- COLLECTED MATERIAL:

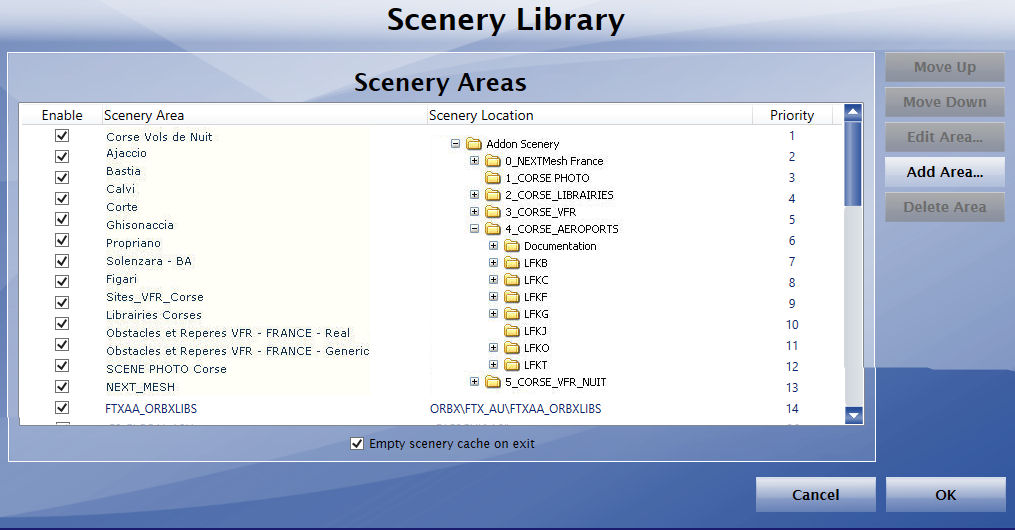 Déclaration des scènes : Ordre du moins ou plus prioritaire dans la bibliothèque des décors de FSX
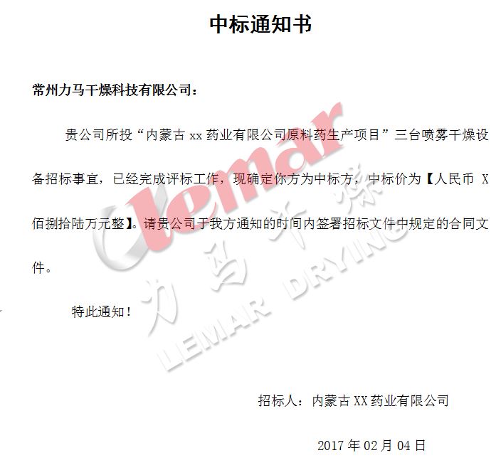 經過廣泛的調研和嚴格的測驗,內蒙古xx藥業有限公司,^終決定向常州力馬科技有限公司定購三臺原料藥噴霧干燥機,單筆金額高達百萬余元,貢獻力馬新春第一單,為力馬贏得了農歷雞年的頭彩。同時也展示了內蒙古xx藥業有限公司蓬勃的生機和迅猛的發展勢頭,真誠祝愿兩家公司合作愉快、雞年大吉。
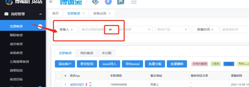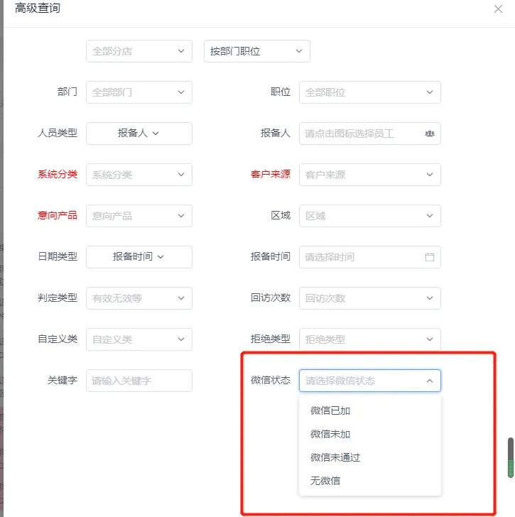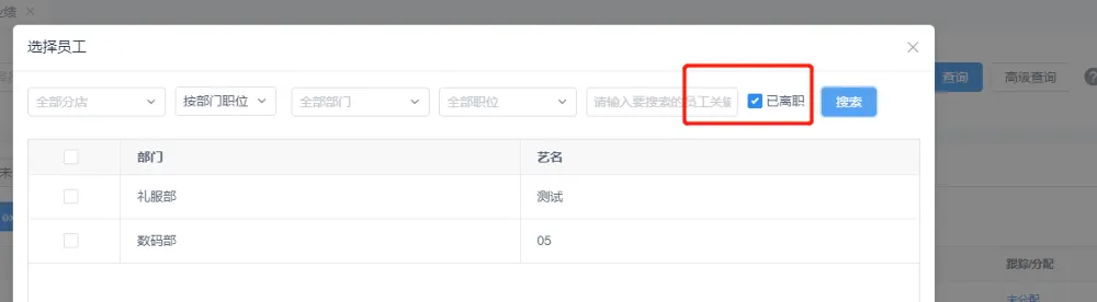 2.客资列表查询:选择报备人窗口,新增离职查询

- WORK ITEM:
An exact repetition of the listing is needed, with the pictures dropped.

- TASK RESULT:
 Déclaration des scènes : Ordre du moins ou plus prioritaire dans la bibliothèque des décors de FSX
 經過廣泛的調研和嚴格的測驗,內蒙古xx藥業有限公司,^終決定向常州力馬科技有限公司定購三臺原料藥噴霧干燥機,單筆金額高達百萬余元,貢獻力馬新春第一單,為力馬贏得了農歷雞年的頭彩。同時也展示了內蒙古xx藥業有限公司蓬勃的生機和迅猛的發展勢頭,真誠祝愿兩家公司合作愉快、雞年大吉。
 2.客资列表查询:选择报备人窗口,新增离职查询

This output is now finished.